To get some bounds, we run the extreme percentiles first, narrowing in on the middle percentiles from both sides. For example in 0.1, 0.25, 0.5, 0.75, 0.9, we want to evaluate them in this order: 0.1, 0.9, 0.25, 0.75, 0.5. We store each of the answers in result.

class Posterior_scipyrv(stats.rv_continuous):
    def compute_percentiles(self, percentiles_list):
        result = {}
        percentiles_list.sort()

        # put percentiles in the order they should be computed
        percentiles_reordered = sum(zip(percentiles_list,reversed(percentiles_list)), ())[:len(percentiles_list)] # see https://stackoverflow.com/a/17436999/8010877

        def get_bounds(dict, p):
            # get bounds (if any) from already computed `result`s
            keys = list(dict.keys())
            keys.append(p)
            keys.sort()
            i = keys.index(p)
            if i != 0:
                leftbound = dict[keys[i - 1]]
            else:
                leftbound = None
            if i != len(keys) - 1:
                rightbound = dict[keys[i + 1]]
            else:
                rightbound = None
            return leftbound, rightbound

        for p in percentiles_reordered:
            leftbound , rightbound = get_bounds(result,p)
            res = self.ppf_with_bounds(p,leftbound,rightbound)
            result[p] = np.around(res,2)

        sorted_result = {key:value for key,value in sorted(result.items())}
        return sorted_result

The speedup is relatively minor when calculating just 5 percentiles.

Using ppf bounds? True
total time to compute percentiles: 3.1997928619384766 seconds

Using ppf bounds? False
total time to compute percentiles: 3.306936264038086 seconds

It grows a little bit with the number of percentiles, but calculating a large number of percentiles would just lead to information overload for the user.
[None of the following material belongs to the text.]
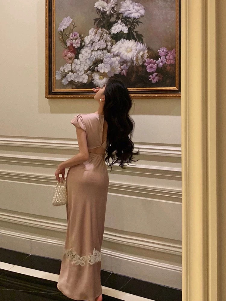 Pink Sweetheart Short Sleeves Long A-line Prom Dress, Pink Evening Gowns - Pink
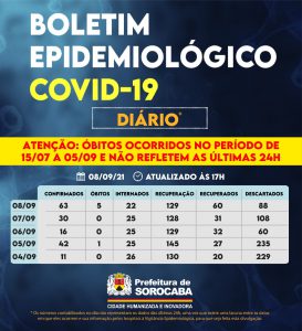 Sorocaba recebeu a notificação de mais 63 casos confirmados da Covid-19, 60 recuperados e cinco óbitos, estes ocorridos desde o dia 15 de julho, mas informados pelos hospitais à Vigilância Epidemiológica e computados no dia de hoje (8 de setembro). Do total de confirmados, 22 estão internados (19 em UTI) e o total de pessoas em recuperação (isolamento domiciliar) é 129.

This was surprising to me. Using the bounds dramatically cuts the width of the interval for equation solving, but leads to only a minor speedup. Using fulloutput=True in optimize.brentq, we can see the number of function evaluations that brentq uses. This lets us see that the number of evaluations needed by brentq is highly non-linear in the width of the interval. The solver gets quite close to the solution very quickly, so giving it a narrow interval hardly helps.

Using ppf bounds? True
brentq looked between 0.0 10.0 and took 11 iterations
brentq looked between 0.52 10.0 and took 13 iterations
brentq looked between 0.52 2.24 and took 8 iterations
brentq looked between 0.81 2.24 and took 9 iterations
brentq looked between 0.81 1.73 and took 7 iterations
total time to compute percentiles: 3.1997928619384766 seconds

Using ppf bounds? False
brentq looked between 0.0 10.0 and took 11 iterations
brentq looked between 0.0 10.0 and took 10 iterations
brentq looked between 0.0 10.0 and took 10 iterations
brentq looked between 0.0 10.0 and took 10 iterations
brentq looked between 0.0 10.0 and took 9 iterations
total time to compute percentiles: 3.306936264038086 seconds

Brent’s method is a very efficient equation solver.

  1. It has a very similar shape to the likelihood (because the likelihood has much lower variance than the prior).